Unnamed: 0,PostalCode,Borough,Neighborhood
2,M3A,North York,Parkwoods
3,M4A,North York,Victoria Village
4,M5A,Downtown Toronto,"Regent Park , Harbourfront"
5,M6A,North York,"Lawrence Manor , Lawrence Heights"
6,M7A,Queen's Park / Ontario Provincial Government,Not assigned


In [8]:
#check again
len(df[df['Borough'] == 'Not assigned'])

0

In [9]:
df.shape

(103, 3)

2. If a cell has a borough but a Not assigned neighborhood, then the neighborhood will be the same as the borough.

In [10]:
#first check
df[df['Neighborhood'] == 'Not assigned']

Unnamed: 0,PostalCode,Borough,Neighborhood
6,M7A,Queen's Park / Ontario Provincial Government,Not assigned


In [11]:
#replace
df.loc[df['Neighborhood'] == 'Not Assigned', 'Neighborhood'] = df['Borough']

In [12]:
#check again
df[df['Neighborhood'] == 'Not Assigned'][0:5]

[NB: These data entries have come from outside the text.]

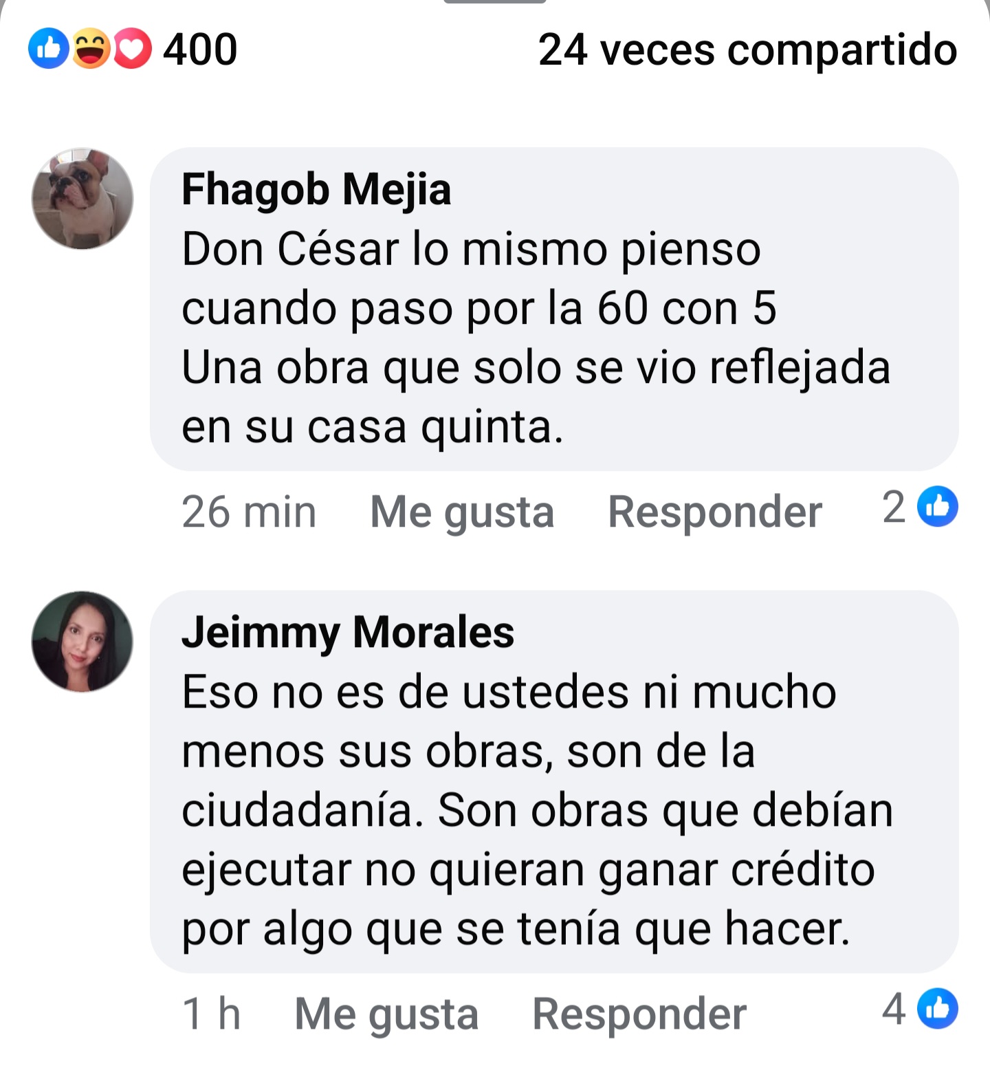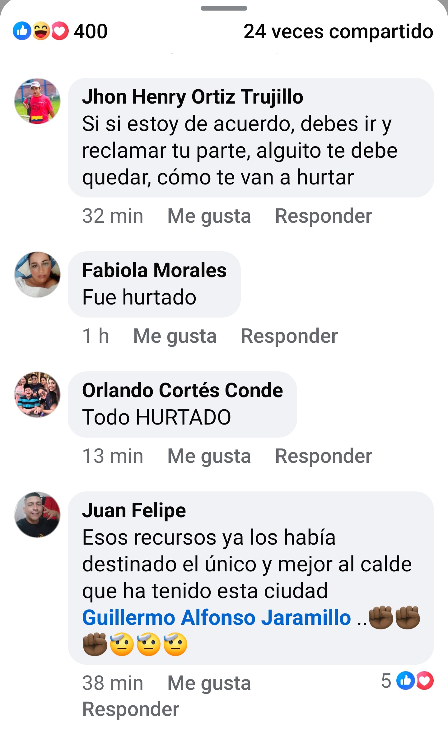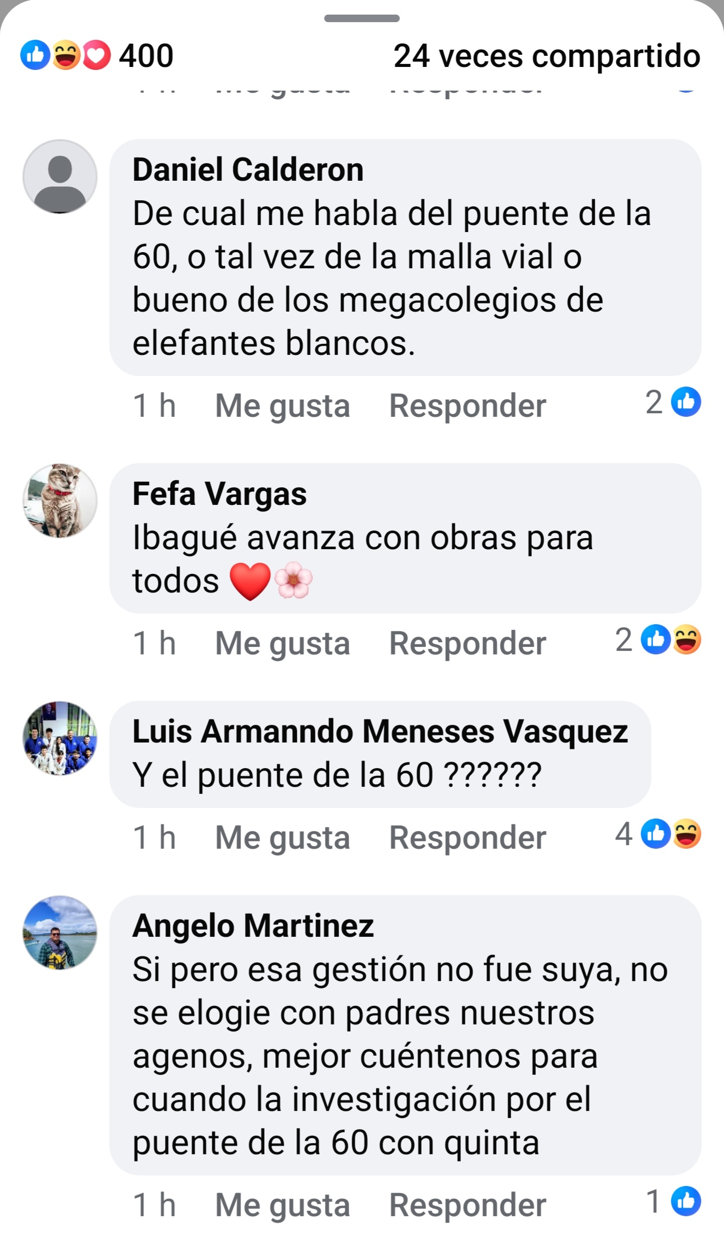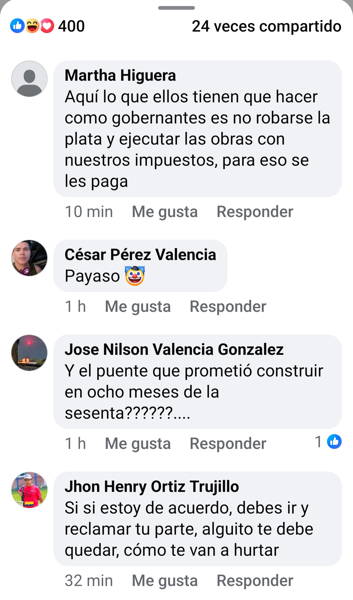 En los comentarios que realizaron las personas a la publicación de Hurtado en Facebook, es el fiel reflejo que la gente ha visto que lo único que dejo es administración fueron unos entuertos, como el puente de la calle 60 con carrera 5 de Ibagué, el fantasma, que nunca se hizo, porque lo que dejó el gobierno Hurtado, fue un dolor de cabeza.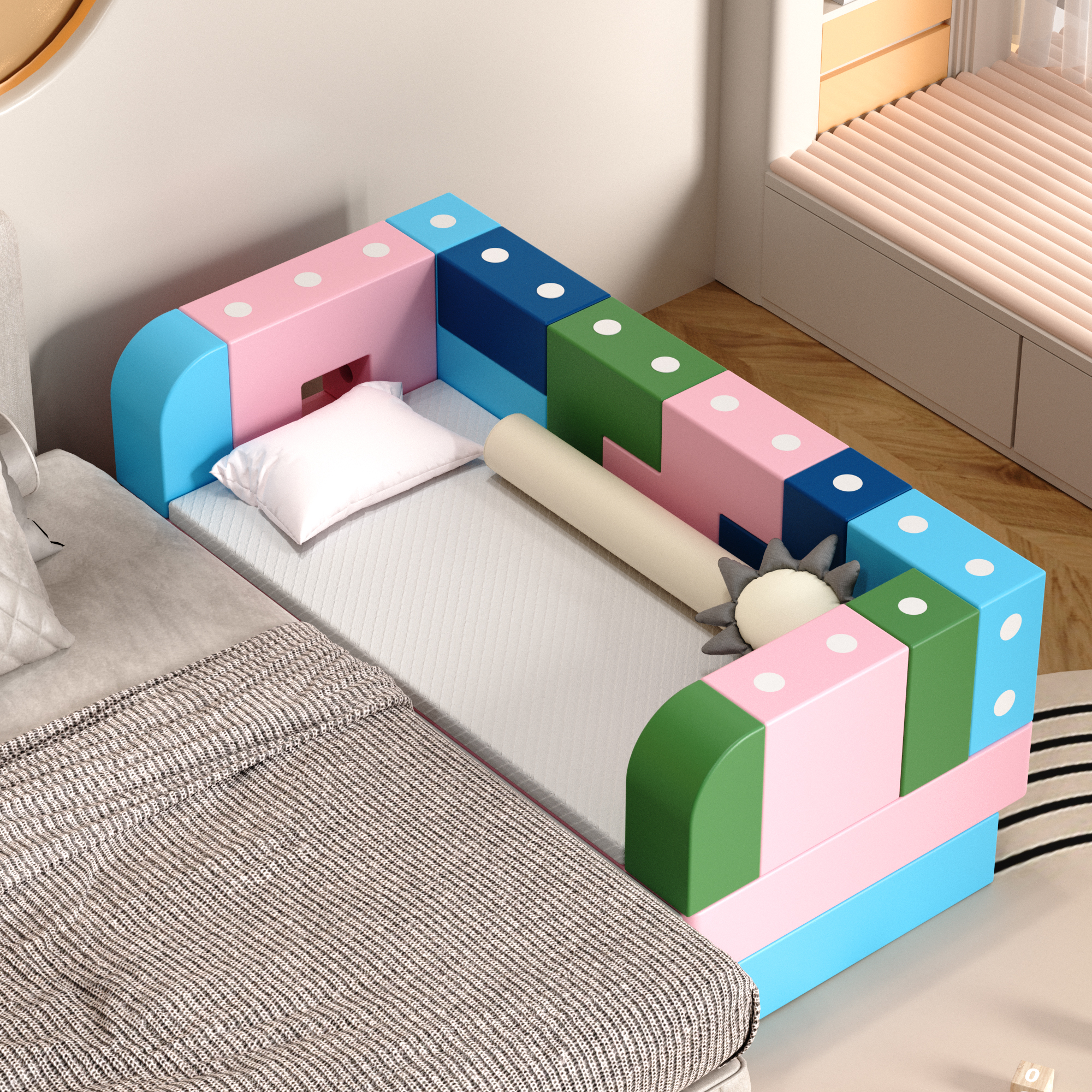The Kuai Kuai Bed is a modular children's furniture system centered around "free creation", transcending the limitations of traditional children's beds with fixed forms and short usage cycles. It enables flexible combinations to function as a standalone bed for infants and children, or to pair with an adult bed as an extended sleep solution, seamlessly adapting to evolving needs from early childhood to adulthood. Beyond sleeping use, it can also be easily transformed into a sofa, pet house, or training space, offering versatile utility.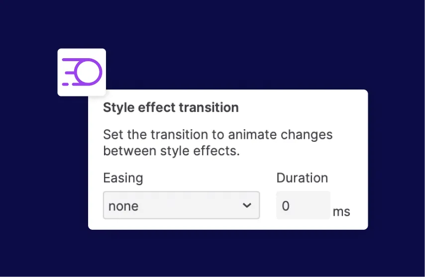 Set the transition to animate changes between style effects and in the Apply Style action. You can choose an easing option and set a duration for the animation.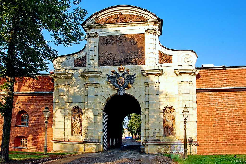 Главный въезд в укрепление проходит через Петровские ворота. С двух сторон остров закрывают два равелина. Иоанновский получил свое имя в честь родного брата Петра I, а Алексеевский – в память об их отце.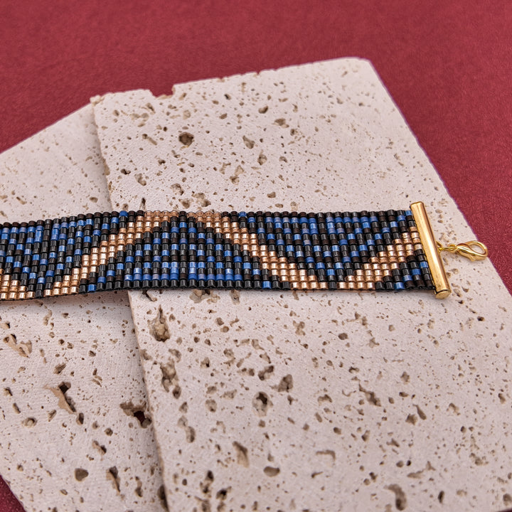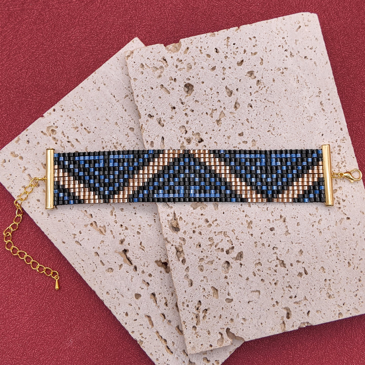 “Nocturne Rise” is geometry in motion — a one-of-a-kind bracelet shaped by shadow and light. Metallic bronze triangles climb through midnight blue and black, each bead forming a rhythm of ascent, elegance, and quiet strength.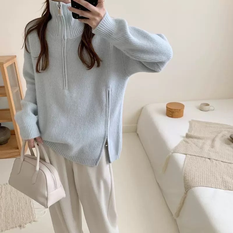 بلوزة صوف سحاب قبة وجنب 856 سكني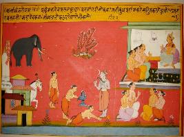 | Description / विवरण | Miniature painting based on Kashi khand depicting Budha standing with crossed legs. He is shown worshipping Shiv in lower middle part. Shiv neck appears and he lies down on ground. To its left four sages are shown sitting and discussing. They are shown talking to a king in court at the extreme right, a part of temple with houses is depicted. |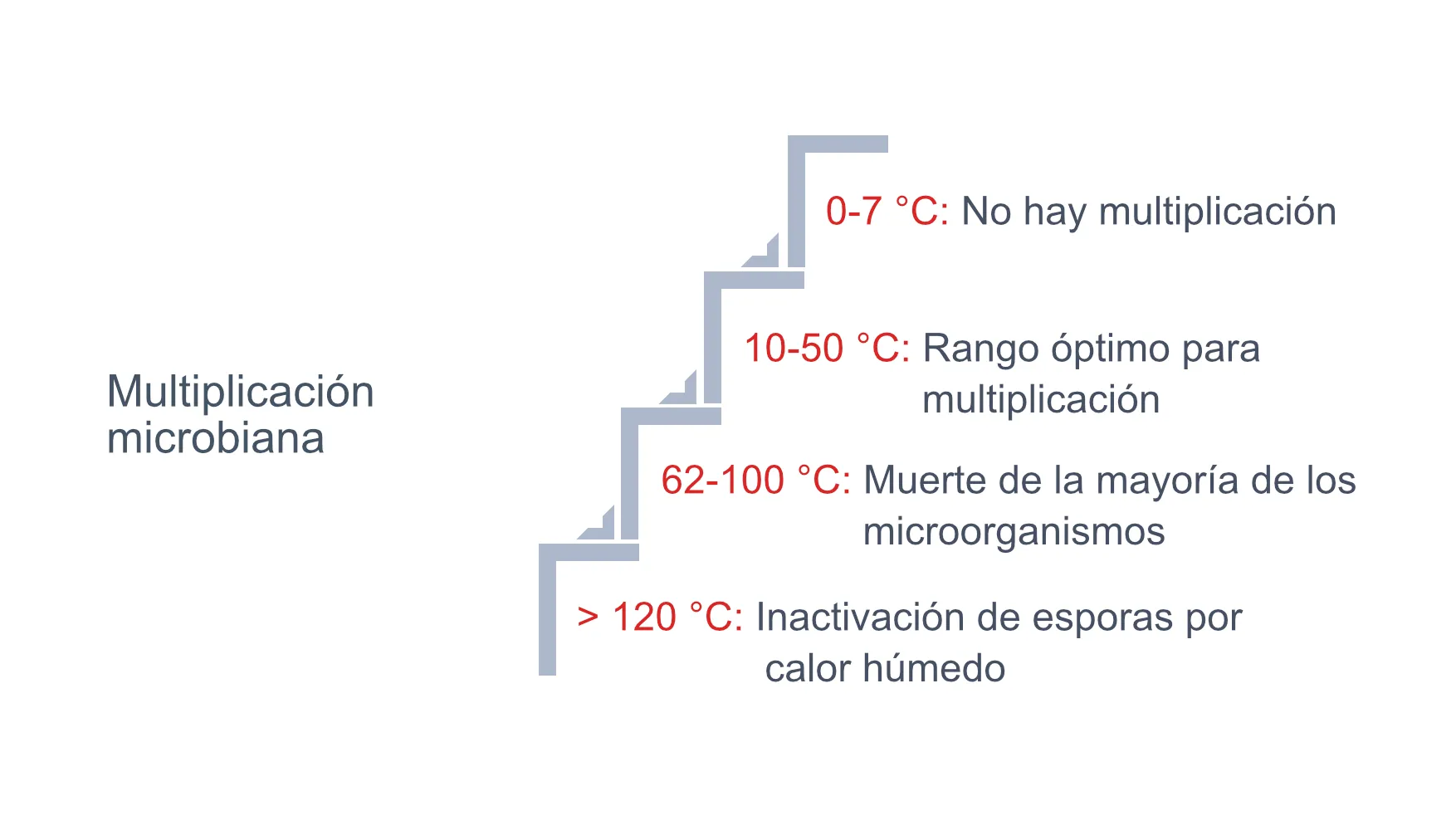 - 10–50 °C — Rango ideal para la multiplicación y el crecimiento microbiano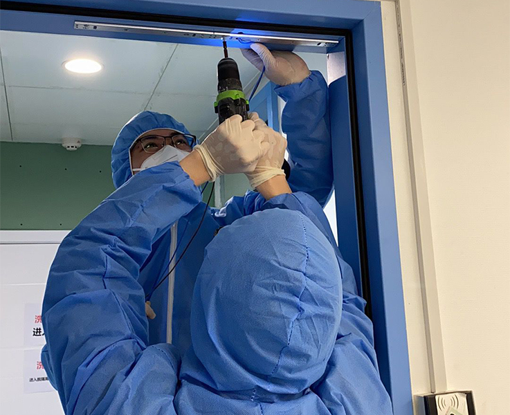 在武漢同濟醫院中法新城院區被指定成為“武漢市新型冠狀病毒感染的肺炎危重病人救治定點醫院”后,為滿足包含傳染病區等在內的20個病區共計1000張床位的管控要求,以及光谷院區的830張床位的改造需求。和仁科技服務團隊立即組織、協調資源,安排施工計劃和施工方案。同時,為保障項目高質量、高標準完成,增派工程師駐場溝通、協調施工方案細節。和仁科技服務團隊克服時間緊、材料缺、施工難度大等問題,歷時兩天完成光谷院區的病房改造工作,六天完成中法新城院區的病房改造工作。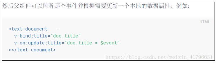 然后父组件中用 v-on 监听 v-on:update:title="doc.title=$event"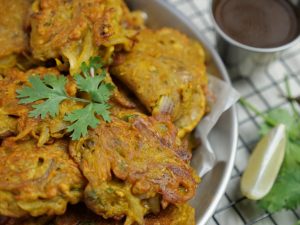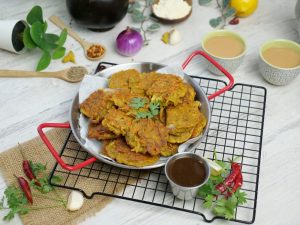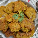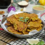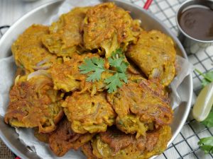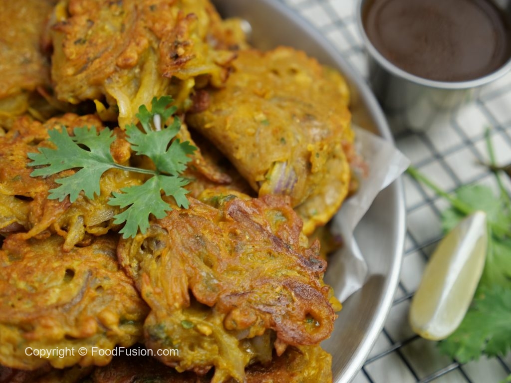 -On a griddle,add cooking oil,onion pakora batter & tawa fry on medium low flame from both sides until golden brown & crispy.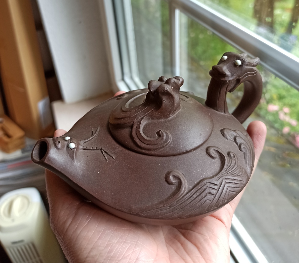Very cool teapot, the expressions from those dragons look lively haha. I own a decor pot that has a foo dog with blue eyes riding on a dragon turtle. The pot is about 500-800 ml, and I use it to water my plants ;)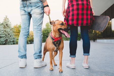 Young people in urban scene walk the dog. Young man with a dog on the leash and young female with a skateboard outdoors - concept of youth culture people being responsible and having a pet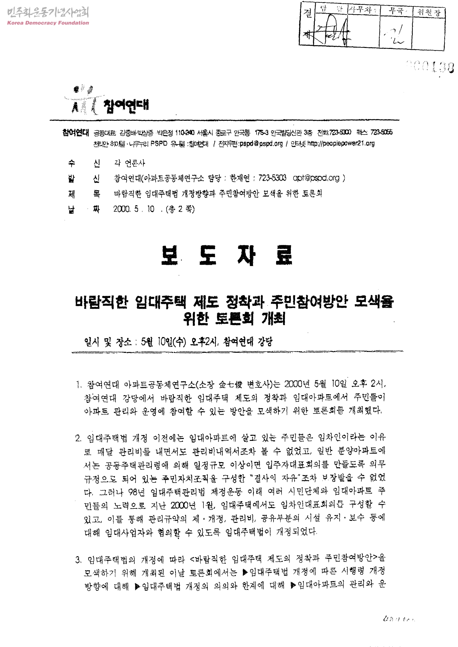 바람직한 임대주택법 개정방향과 주민참여방안 모색을 위한 토론회[수신:각 언론사, 발신:참여연대]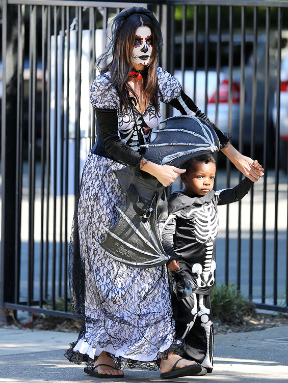 Шармантната филмска ѕвезда и малото момче биле фотографирани во „хорор“ издание за забава за Халовин (Ноќта на вештерките). Костимот на Сандра бил инспириран од мексиканскиот Ден на мртвите, додека Луис бил облечен во „скелет“ костим.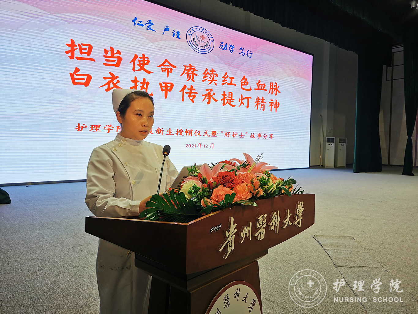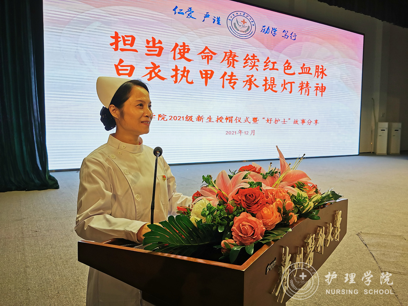 最后,附属医院护师黄燕莉、李庭庭作“好护士”故事分享,勉励全体护生刻苦学习、扎实本领,在困难中进步,在进步中成长,早日成长为一名优秀的白衣天使。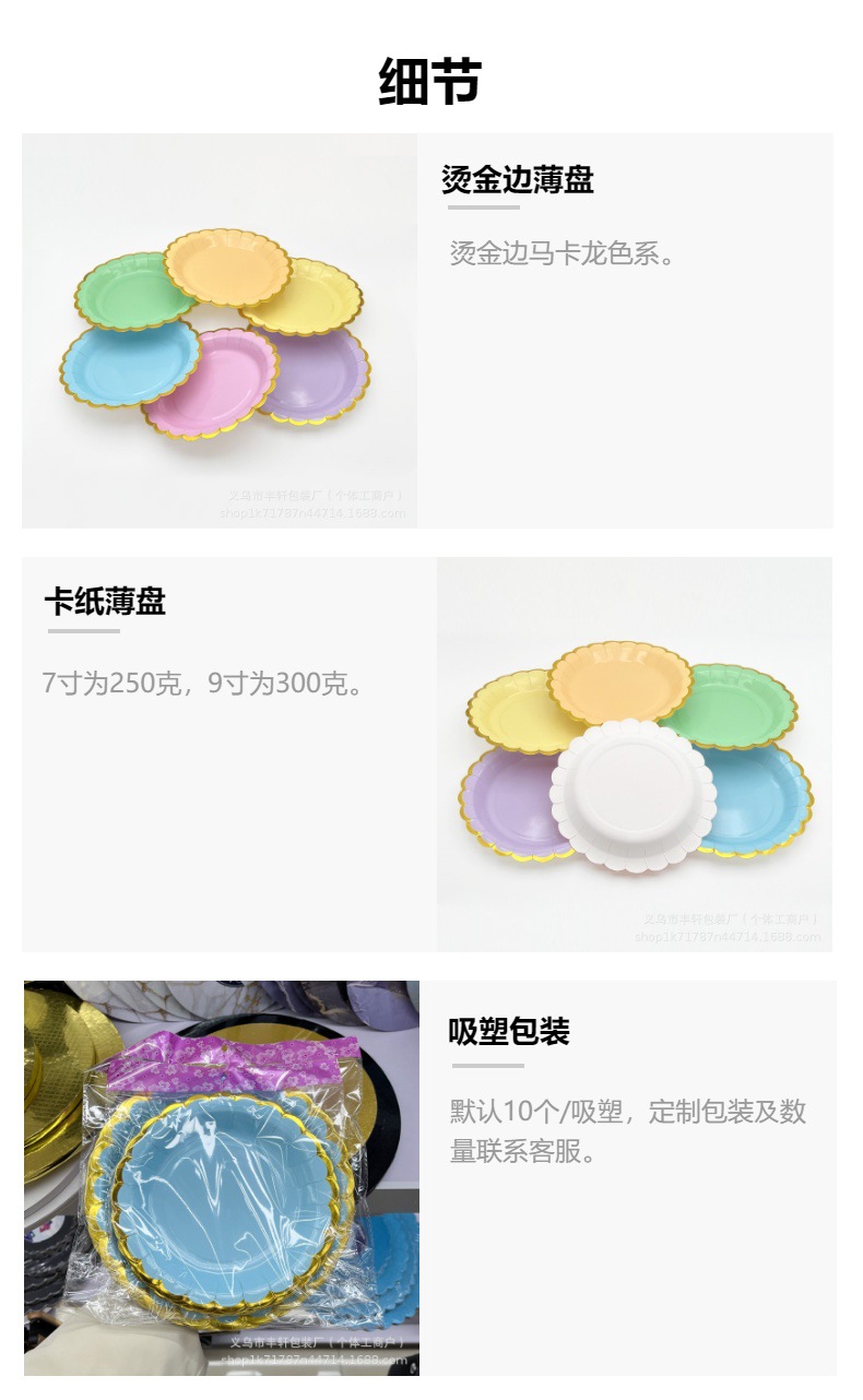 Plato desechable de 7 pulgadas 9 pulgadas Plato de picnic Plato de pastel Plato de fiesta de cumpleaños Plato de papel Plato de postre Plato de bocadillos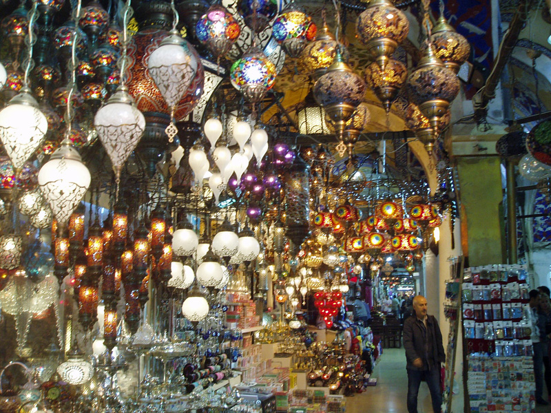 Night skyline of the Golden Horn, seen from the top deck of Voyager.

Unnamed: 0,PostalCode,Borough,Neighborhood


In [13]:
df.head()

Unnamed: 0,PostalCode,Borough,Neighborhood
2,M3A,North York,Parkwoods
3,M4A,North York,Victoria Village
4,M5A,Downtown Toronto,"Regent Park , Harbourfront"
5,M6A,North York,"Lawrence Manor , Lawrence Heights"
6,M7A,Queen's Park / Ontario Provincial Government,Not assigned


In [14]:
#number of rows and column of dataframe
df.shape

(103, 3)

#   

## Part 2 : Extracting the Latitude and Longitude

In [15]:
#Second dataframe which has latitude and longitude 
path = 'http://cocl.us/Geospatial_data'
df_lat_lng = pd.read_csv(path)
df_lat_lng.head()

Unnamed: 0,Postal Code,Latitude,Longitude
0,M1B,43.806686,-79.194353
1,M1C,43.784535,-79.160497
2,M1E,43.763573,-79.188711
3,M1G,43.770992,-79.216917
4,M1H,43.773136,-79.239476


In [16]:
#Changing the column name Postal code to Postcode to merge the two data frames together
df_lat_lng.columns = ['PostalCode','Latitude','Longitude']
df_lat_lng.head()

Unnamed: 0,PostalCode,Latitude,Longitude
0,M1B,43.806686,-79.194353
1,M1C,43.784535,-79.160497
2,M1E,43.763573,-79.188711
3,M1G,43.770992,-79.216917
4,M1H,43.773136,-79.239476


In [17]:
df_lat_lng.shape

(103, 3)

In [18]:
#Merging of both dataframe
df_can = pd.merge(df,df_lat_lng, on='PostalCode')
df_can.head()

Unnamed: 0,PostalCode,Borough,Neighborhood,Latitude,Longitude
0,M3A,North York,Parkwoods,43.753259,-79.329656
1,M4A,North York,Victoria Village,43.725882,-79.315572
2,M5A,Downtown Toronto,"Regent Park , Harbourfront",43.65426,-79.360636
3,M6A,North York,"Lawrence Manor , Lawrence Heights",43.718518,-79.464763
4,M7A,Queen's Park / Ontario Provincial Government,Not assigned,43.662301,-79.389494


In [19]:
df.shape

(103, 3)

#     

## Part 3 : Explore and cluster the neighborhoods in Toronto

In [22]:
import json # library to handle JSON files

from geopy.geocoders import Nominatim # convert an address into latitude and longitude values

import requests # library to handle requests
from pandas.io.json import json_normalize # tranform JSON file into a pandas dataframe

# Matplotlib and associated plotting modules
import matplotlib.cm as cm
import matplotlib.colors as colors

# import k-means from clustering stage
from sklearn.cluster import KMeans

import folium # map rendering library

print('Libraries imported.')

Libraries imported.


**Find how many boroughs and neighborhoods**

In [40]:
print("The dataframe has {} Borough and {} Neighborhood".format(len(df_can['Borough'].unique()),len(df_can['Neighborhood'])))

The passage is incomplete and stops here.